Start of DATA EXTRACT
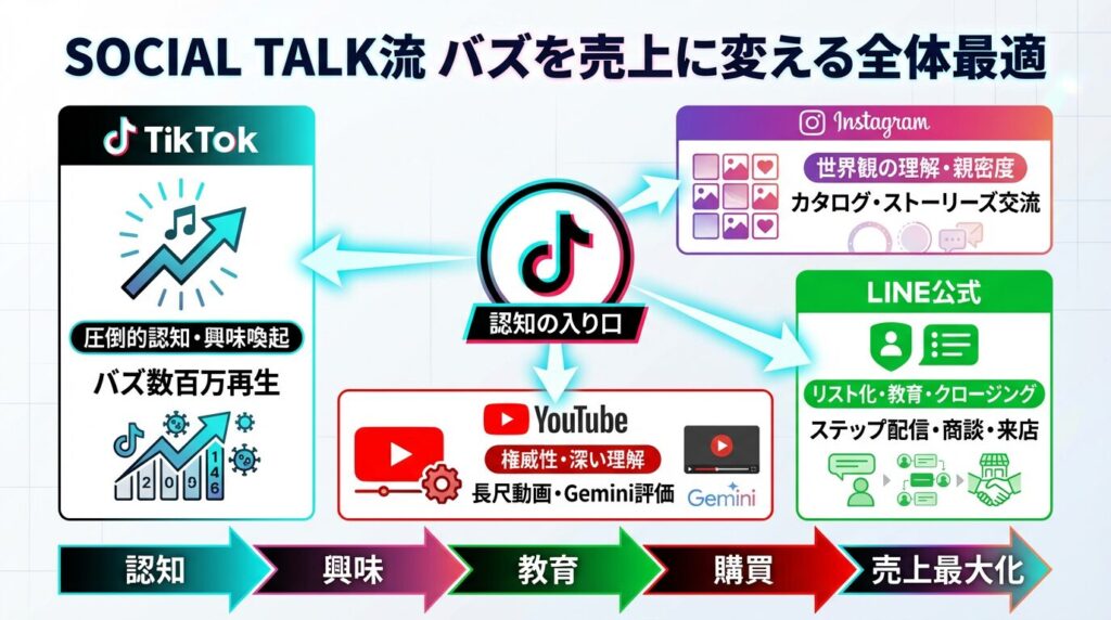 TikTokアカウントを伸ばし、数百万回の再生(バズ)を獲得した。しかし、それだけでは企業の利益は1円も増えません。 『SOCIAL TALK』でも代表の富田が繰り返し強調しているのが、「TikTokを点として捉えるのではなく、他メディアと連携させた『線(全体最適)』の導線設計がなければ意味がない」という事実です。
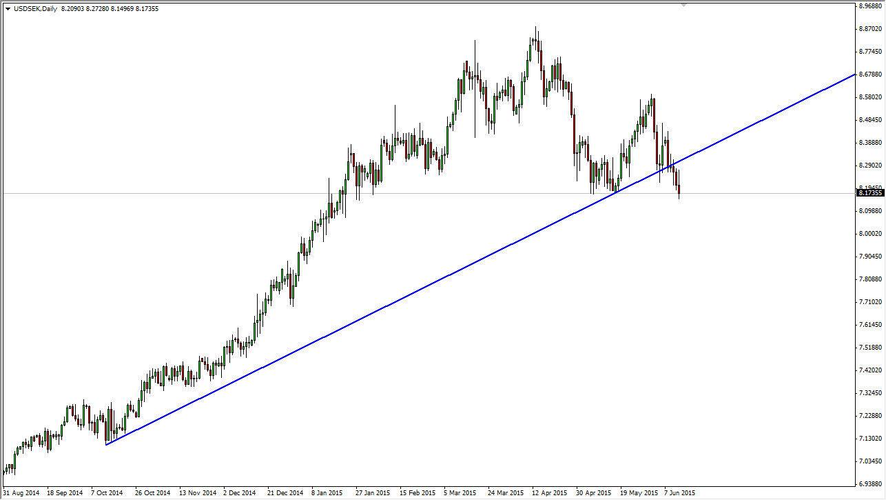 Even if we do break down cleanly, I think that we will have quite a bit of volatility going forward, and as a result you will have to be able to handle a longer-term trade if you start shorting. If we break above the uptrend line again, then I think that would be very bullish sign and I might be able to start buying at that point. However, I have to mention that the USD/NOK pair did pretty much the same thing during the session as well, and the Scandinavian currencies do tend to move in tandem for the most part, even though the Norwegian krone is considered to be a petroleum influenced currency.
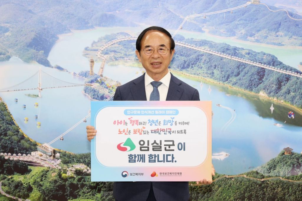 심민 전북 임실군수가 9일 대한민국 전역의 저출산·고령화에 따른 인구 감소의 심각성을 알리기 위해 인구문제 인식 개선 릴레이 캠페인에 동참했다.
End of DATA EXTRACT
Start of DATA EXTRACT
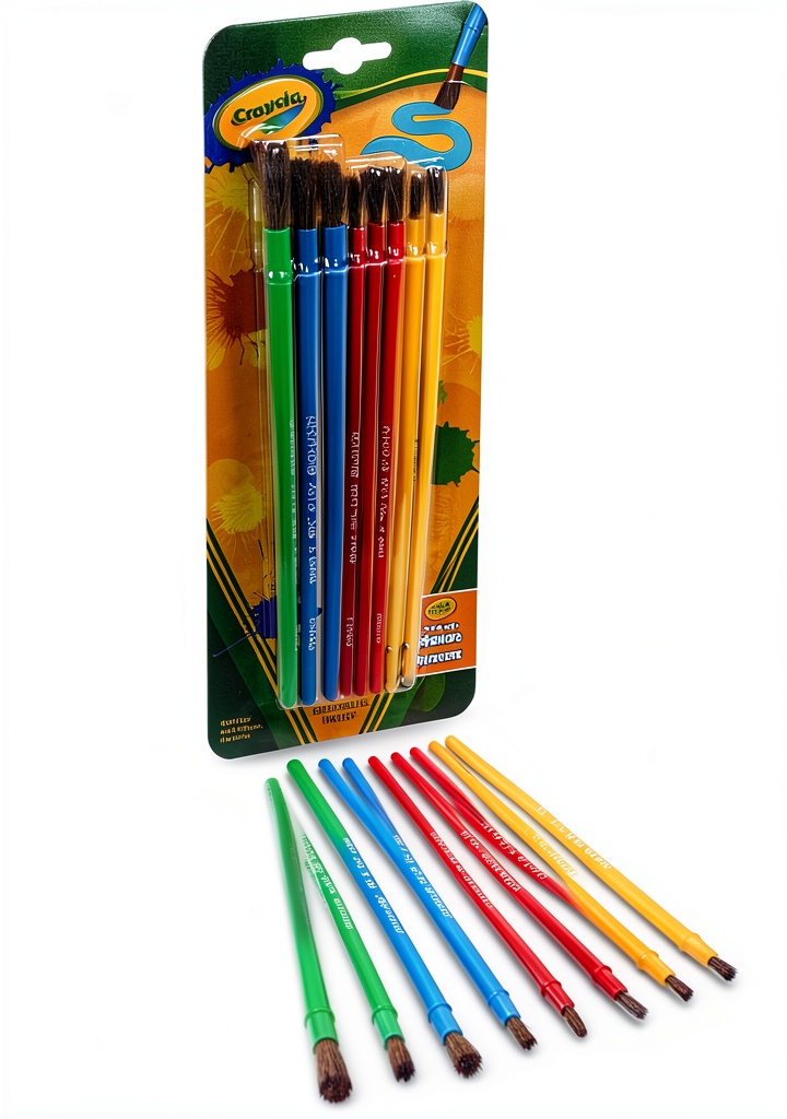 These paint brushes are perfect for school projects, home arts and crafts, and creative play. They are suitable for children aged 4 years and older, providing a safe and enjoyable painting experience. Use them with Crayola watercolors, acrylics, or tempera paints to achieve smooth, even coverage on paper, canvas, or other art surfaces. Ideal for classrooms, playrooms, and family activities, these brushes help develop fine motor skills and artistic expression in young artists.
End of DATA EXTRACT
» **WORK TASK**: Using the records above, return word for word the lines that begin at the one containing "Even if we do" and end at the one containing "심민 전북 임실군수가", both of them included and no pictures.

» **ANSWER TO THE EXERCISE**:
 Even if we do break down cleanly, I think that we will have quite a bit of volatility going forward, and as a result you will have to be able to handle a longer-term trade if you start shorting. If we break above the uptrend line again, then I think that would be very bullish sign and I might be able to start buying at that point. However, I have to mention that the USD/NOK pair did pretty much the same thing during the session as well, and the Scandinavian currencies do tend to move in tandem for the most part, even though the Norwegian krone is considered to be a petroleum influenced currency.
 심민 전북 임실군수가 9일 대한민국 전역의 저출산·고령화에 따른 인구 감소의 심각성을 알리기 위해 인구문제 인식 개선 릴레이 캠페인에 동참했다.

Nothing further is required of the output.